With a somewhat hardened tone, Ben said, “I was or still am, again depending on the status of the father, his employer.”

“Is there some question as to the status of the father? We were told the child’s parents were both murdered.”

“The mother was, but not the father. The father’s whereabouts is not yet known, although there are some who believe he, too, is dead.”

“Why do you believe you will be the guardian?”

For a moment Ben paused, wondering why he was bothering to answer all these questions. Maybe he should just go to the office and bring back Satoshi’s will.

But then he remembered it needed to be probated.

“Did you hear my question?”

“I did, but I’m beginning to feel this is akin to an interrogation, which I find inappropriate.”

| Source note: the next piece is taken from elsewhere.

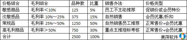 价格策略的制定主要依据是公司的经营定位及品类角色,同一商品因零售商的定位可能会被赋予不同的品类角色,而不同的品类角色则不宜进行价格竞争。全面跟价目前是很多零售商的价格策略,可如果用自身的便利性品类与对方的目标性品类进行价格比拼,无异于以卵击石,所以要求我们设计出自身商品的价格类型组合。在一个经营着2500个商品的社区药店,一般会采取以下原则规划各门店的商品价格类型组合,以作参考。(见下表)

“Why didn’t you come in with the child rather than showing up later?”

“It wasn’t my choice. I was detained by the police after I had inadvertently stumbled on the murder victims. I found the child hidden in the house.”

“Well, let me inform you what has gone on here at the hospital in your absence.

With no name and no information, I contacted a social worker at DYFS, the Division of Youth and Family Services, here in New Jersey, which is under the Department of Children and Families. She went immediately to one of the DYFS

lawyers, who, in turn, went to family court and got DYFS appointed temporary guardian so we would be able to treat the child beyond emergency care. So far it hasn’t been needed. But DYFS is now the guardian. That’s a fact you’ll have to live with.”

“What if I produce the will and the DYFS lawyer can look at it.”

“It wouldn’t matter. The DYFS lawyer cannot change the ruling, only family court, and you couldn’t take the will to family court because it is not probated.

And since you don’t know the father’s whereabouts or state of health, you can’t go to probate court. For now you are stuck with DYFS as the temporary guardian.”